Once you're satisfied that everything is operating correctly, you can run without halting to put everything up. To remove the "Skipping / Putting" messages for individual files, run the script without the "-v" (verbose) switch.
Before allowing it to fully free run, though, you may want to calculate your bandwidth costs -- Rackspace will charge you outgoing & Amazon will charge you incoming. Containers with either large files or lots of Objects will take a looooong time to copy over -- you can back-of-the-napkin estimate your initial upload time by allocating 1 hr per 10000 Objects (assumes your objects are standard Web content -- HTML files & Images). We highly recommend purchasing and using Bucket Explorer to browse and manage your Amazon S3 Files, and watch that the initial S3 population is going smooth.
Add to Crontab for nightly incremental backups
Once you're happy with your initial backup, you can add incremental nightly backups to your crontab. Add the code below to your root crontab to run your backups at 2:10AM every night, dumping the "last run" status output to the file "/etc/cloudfiles-to-s3/last-run.log":
10 2 * * * /etc/cloudfiles-to-s3/rackspace-cf-to-amazon-s3-bkup.php >
Validate Restoring Abilities
Initial backups are verified, nightly backups are set up... what could possibly be left?

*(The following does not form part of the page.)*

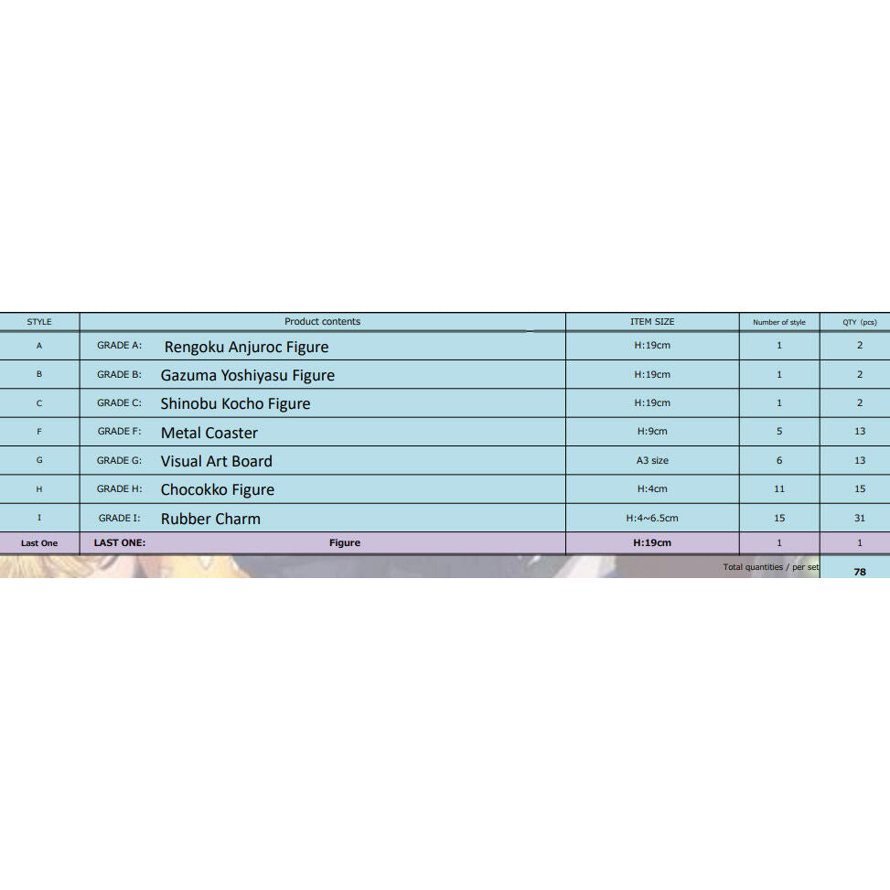 Japanese lottery with Kimetsu No Yaiba products. It contains 78 products and their corresponding 78 surprise tickets to exchange them for the prizes obtained.

Just the most important and probably most overlooked part -- verifying that you really can restore your data from your backups. Make an agreement with your IT Lead that on a (relatively) sane day in your IT department, you'll have a drill whereupon the manager will make local backup copies of a couple of non-critical files on your live server, and then delete them from the live server, mimicking a catastrophic file loss. For bonus points, have your manager start a stopwatch when the files are removed & see how long it takes your team to get the files back from Amazon. You may even want to build some "S3 to CloudFiles" scripts which your team can use to programmatically restore from.
Hope you enjoyed this tutorial and that you find the provided code useful. We'd love to hear your feedback on your experience with cross-provider file backups, and any "backup war stories". What have you seen work? Where have you seen the dragons lurk?